Сделка (СИ)
Дарис шел за мной, я слышала его гулкие шаги болезненным биением собственного сердца. Ветер нес его аромат вместе со сжирающим меня жаром, я глотала его как песок, он оседал в носу и легких. Не имея сил обернуться, я продолжала барахтаться, уже погрузившись по пояс.
— Куда же ты бежишь, Илиана? — пел Дарис, как всегда растягивая гласные, и я чувствовала неуемный, отвратительный жар между ног. — Ты навсегда останешься здесь. Разве не нравятся тебе мои Желтые земли?
Я оглядывалась по сторонам: все оттенки терракота, наполнявшие пространство, пожелтели. Сам солнечный свет был цвета серы. Я била руками по песку, отказываясь верить, что Дарис меня поймал.

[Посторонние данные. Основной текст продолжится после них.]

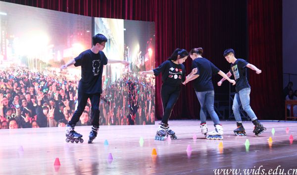 轮滑社表演现场。李伟 摄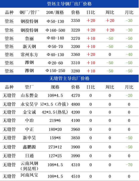 管坯:昨日黑色期货偏强运行,带动管坯价格上行,山东地区管坯价格上调10元,江苏地区管坯价格暂稳,目前管坯成交未达到预期水平,商家一单一议价格模式增多。下游刚需采购为主,多批次、小批量订单成为常态,新增订单有限,虽然钢厂拉涨意愿强烈,但考虑到淡季需求表现疲软,商家跟涨动力不足,加之对后市预期偏弱,现货价格波动空间较为有限,综合来看,预计今日管坯价格持稳运行。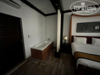 В номере: большая кровать, кресла, прикроватные тумбы, стол, светильник из кокоса (мелочь, а приятно), телевизор, холодильник, чайник и чайный набор; гардеробная с большим зеркалом, ванна в комнате; отдельно санузел с душем, раковиной, унитазом. Замечание по санузлу: нет поддона/уклона/бортика возле душа, то есть когда моешься под душем, водой равномерно заливает весь пол в ванной, после чего вода не уходит, а продолжает стоять лужей до прихода горничной, по всей видимости. Это очень неудобно! Старые-страшные б/у тапочки предлагаются гостям (спасибо, мы со своим), можно было бы дать одноразовые. Мыльно-рыльные предоставляют, также дают одноразовую расческу и зубные щетки. Есть фен. Wi-fi в номере не ловит, нужно идти или на ресепшн, или в зеленую зону, или к бассейну. На территории очень тихо, малолюдно. Бассейн не очень большой, показался чистым на первый взгляд, но мы не купались; есть несколько шезлонгов рядом с бассейном и столы с зонтиками.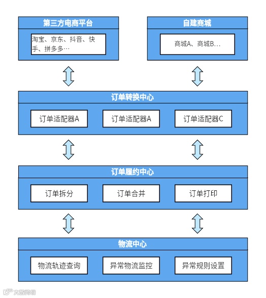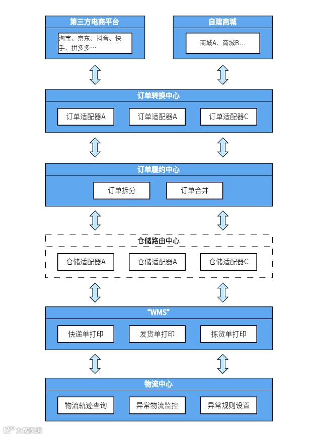 物流中心:也是配送系统,对接“WMS”和物流公司系统。接收“WMS”下发的物流单号,对其进行物流查询和异常监控,并将物流信息收集并回传至“WMS”和订单履约系统。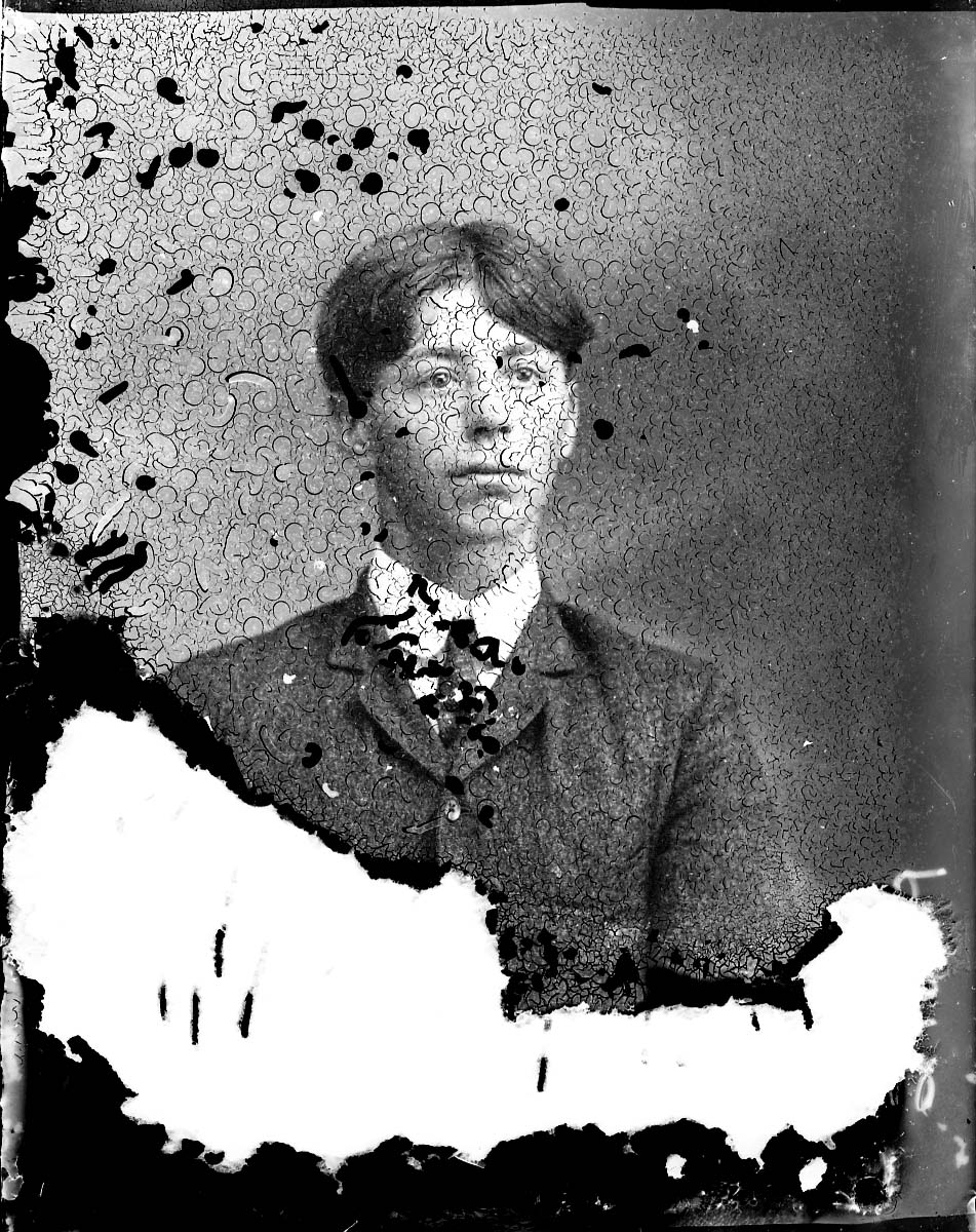 Significant emulsion damage is visible and obscures the lower part of the image.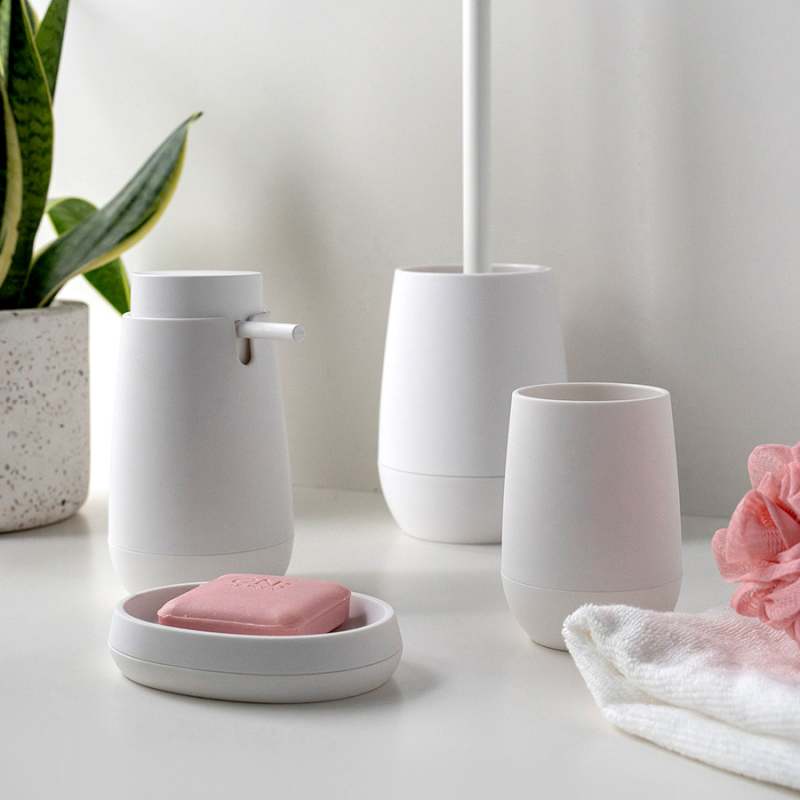 Jabonera color blanco, con diseño moderno y elegante. Dimensiones: 12.8x9.7xH.2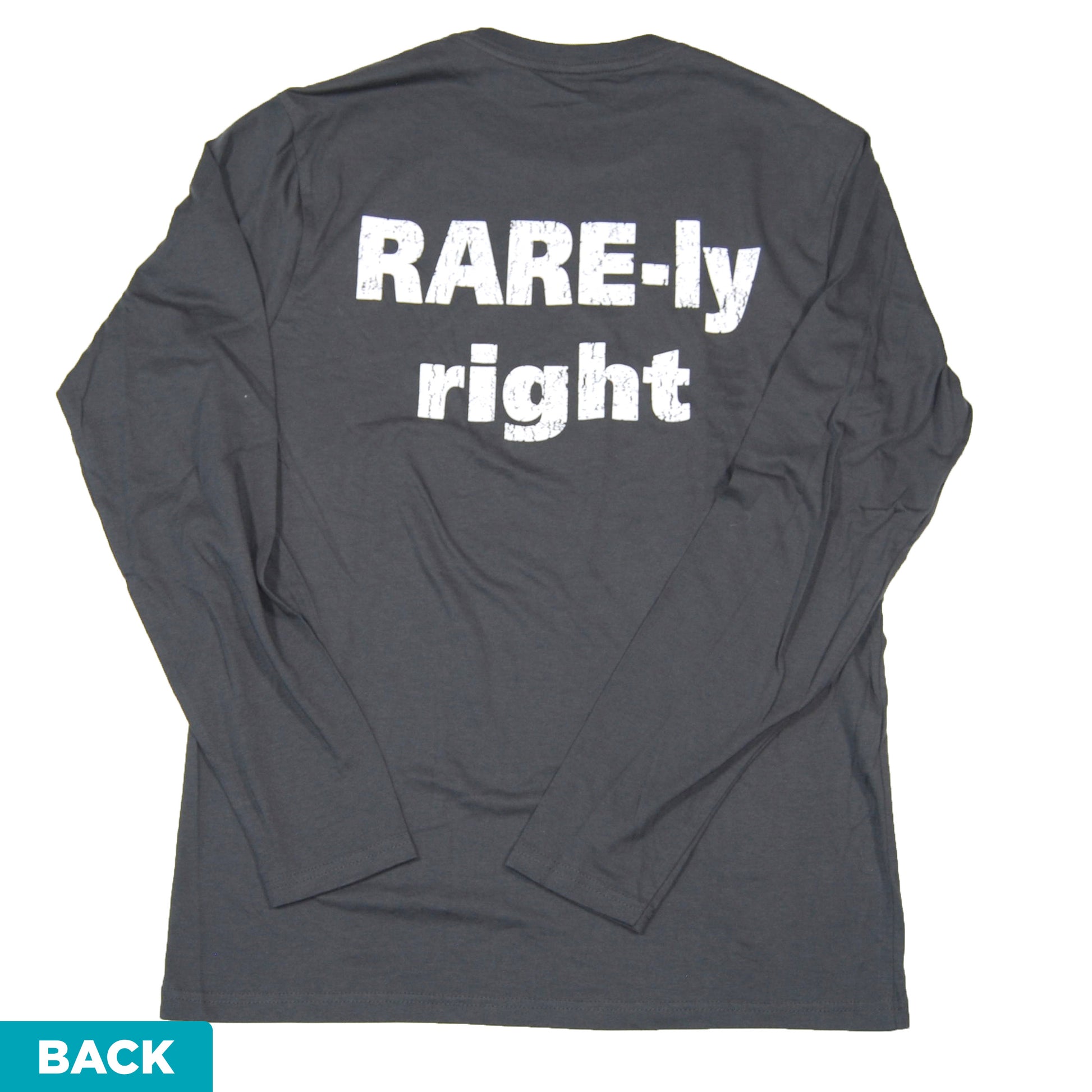For those who are rarely right, front-and-back white printing on a dark grey shirt.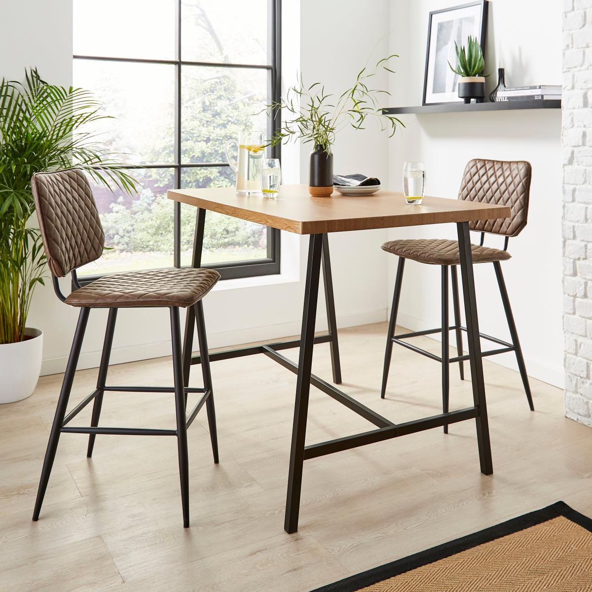 I love how this oak-effect bar table brings a pared-back, modern edge to both compact city flats and open-plan kitchens. Its slim metal frame and warm wood finish work equally well in Scandi-inspired schemes or industrial loft looks, and the generous surface means you can pop out of formal dining and still spread out for breakfast or casual drinks. For styling, pair it with woven or leather-effect stools in contrasting tones, add a simple pendant light overhead and a neat row of herbs or succulents for a touch of greenery. Keep accessories minimal - a set of ceramic tumblers and a slim runner rug underneath will keep the look fresh and inviting.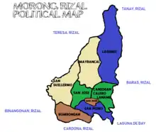 The Politico-Militar Distrito de Morong or Distrito de Morong was created out of the provinces of Manila and Laguna composing the pueblos of Morong, Pililla, Tanay, Baras, Binangonan, Jalajala, Angono, Antipolo, Boso-Boso, Cainta and Taytay.[5]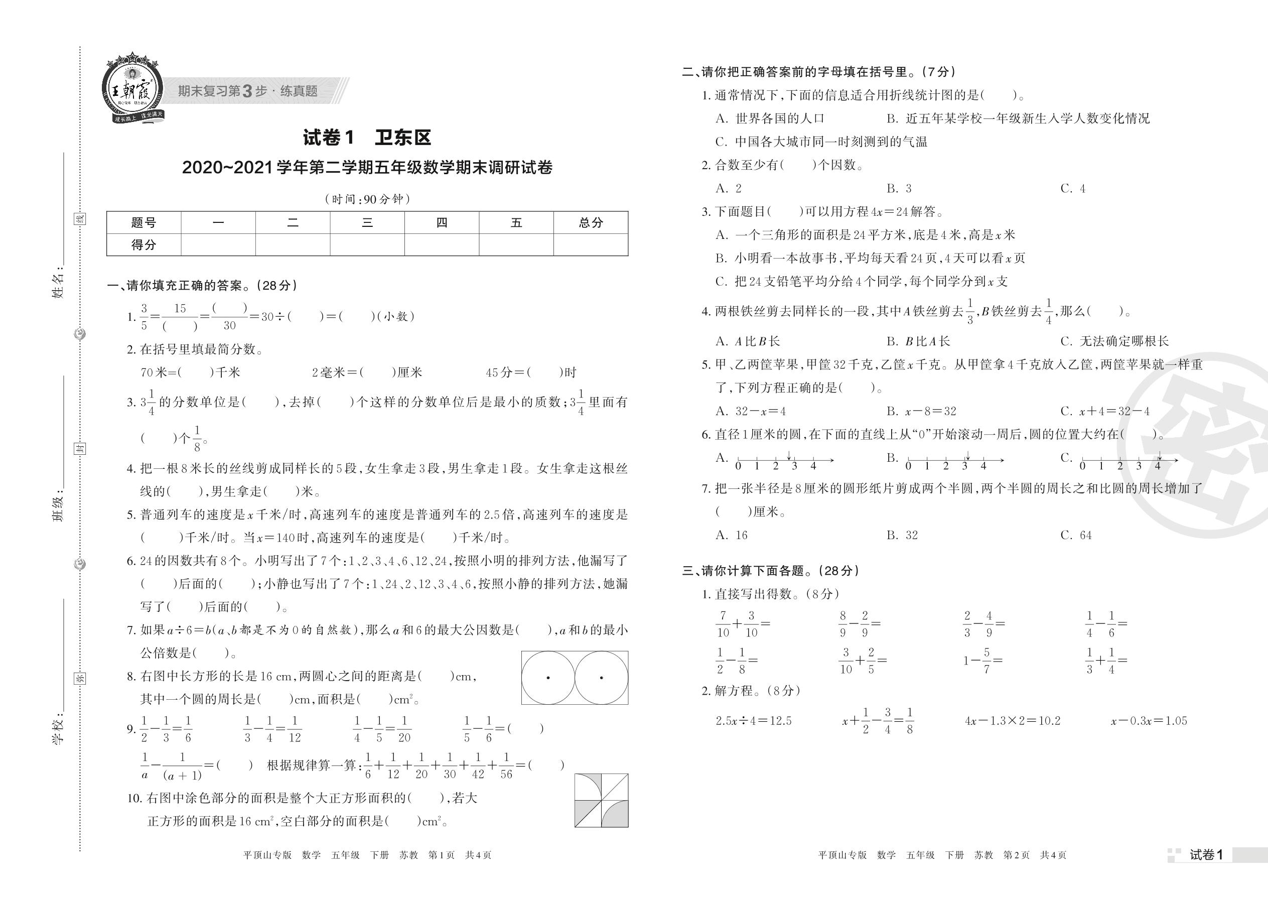 卫东区2020~2021学年第二学期五年级数学期末调研试卷(苏教版)【1】

— Посмотри на меня! — подобный грому голос ворвался в мое сознание, и я подчинилась, задирая голову. Будто сотворенный из глины исполин с лицом Дариса, надетым маской, наклонился ко мне, опуская вместе с собой кромешную жаркую темноту. Он протянул мне рассыпающуюся глиной руку-щупальце, я закричала… и проснулась.
.
Рыжее закатное солнце нагрело комнату сквозь тонкий занавес цвета травы, а служившее мне одеялом невесомое шелковое покрывало, которое я почему-то натянула на голову, мешало дышать. Я отбросила его от себя, наслаждаясь схлынувшей паникой. Мир возвращался ко мне — мой счастливый мир, в котором я хотела жить, который теперь полнился для меня свободой, любовью и светом. Никакого Дариса больше не было в нем. Дарис был далеко, он был беспомощен и не опасен. Келлфер пообещал мне, что я больше никогда не увижу ненавистного лица, так похожего на его собственное, не услышу его голоса, не получу ни одного приказа.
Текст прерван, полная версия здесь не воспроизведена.